Categories: Future Tech

NBN Users Opt for Medium-speed Internet Packages

Aussies connecting to the NBN are opting for medium-speed internet packages over faster internet packages, according to figures released by NBN Co.

As NBN coverage widens (NBN Co figures show that 130,759 premises had an active NBN service on December 31), users signing up are now choosing cheaper medium-speed packages over faster, more expensive packages.

The figures showed that 29% of end-users were connected to the 25/5 Mbps service (download/upload), up from 23% in the previous six months, while 42% of users signed up for the 12/1 Mbps service, down from 46%.

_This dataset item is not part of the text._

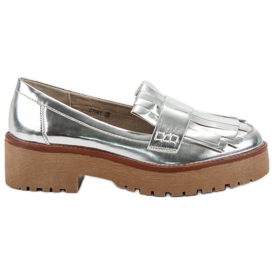Szczegóły: Corina Lakierowane Półbuty Mokasyny szare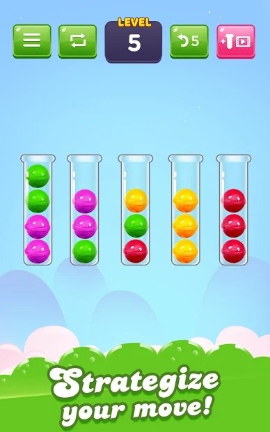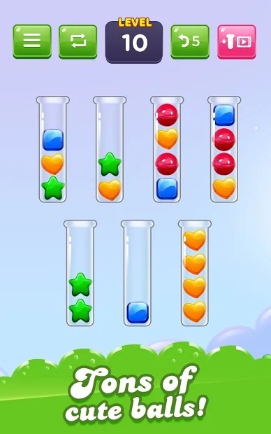 糖果分类排序的玩法非常的考验玩家们的逻辑脑力,在游戏内拥有着许许多多不同颜色的糖果,玩家们的任务就是通过移动来使这些相同颜色的糖果能够到达同一个试管之中,不过玩家们要注意的是,每一次只能够移动一个糖果,你该如何在最少的步数之中完成排序的任务呢,快来下载游戏挑战一下吧。

As for the faster 100/40 Mbps service, 23% of users had signed up, compared to 25% in the previous six months.

According to John Simon, head of product and sales at NBN Co, the company was not concerned about the drop in the demand for the faster 100 Mbps service.

“It is still early days,” Simon said. “The early adopters who signed up to the network would have bought the 100/40 Mbps service but there’s a rebalancing as the network passes more homes, which is why we’re seeing the 12/1 Mbps volume coming down and people are shifting to the higher 25/5 Mbps speeds.”

Steve Dalby, chief regulatory officer at iiNet said iiNet had a higher representation of 100-40Mbps users compared to NBN Co figures.

“We have more early adopters that Telstra, which is the other main company that is connecting customers to the NBN,” Dalby said.

Dalby also said that the figures provided by NBN Co don’t demonstrate the demands of end-users, pointing to the needs of small businesses – which generally need higher upload speeds more than higher download speeds – as an example.

“To do absolute numbers is almost meaningless because small businesses are not interested in the download bandwidth – what they’re buying is the 40 Mbps upload,” Dalby said.

Dalby used this argument to explain why providers should be allowed to design their own plans, and shouldn’t be restricted to the wholesale plans NBN Co currently offers.

“NBN Co can only see one thing: people downloading songs,” Dalby said.

“Let us make the call on what the product looks like. Give us wholesale access and we’ll build a product in line with the market. NBN Co doesn’t connect with retail users so for them to design the product is just dopey.”

Dalby had elaborated on this point at an NBN Senate Estimates hearing in Perth in January, when he likened NBN Co to an orange farmer who only allowed his oranges to be used for juice.

“We might want to make marmalade,” Dalby said.

“Why does NBN Co care what our products look like at the retail level? They shouldn’t. They should just supply the raw feed and let us succeed and fail on our own merits – knowing our customers and market.”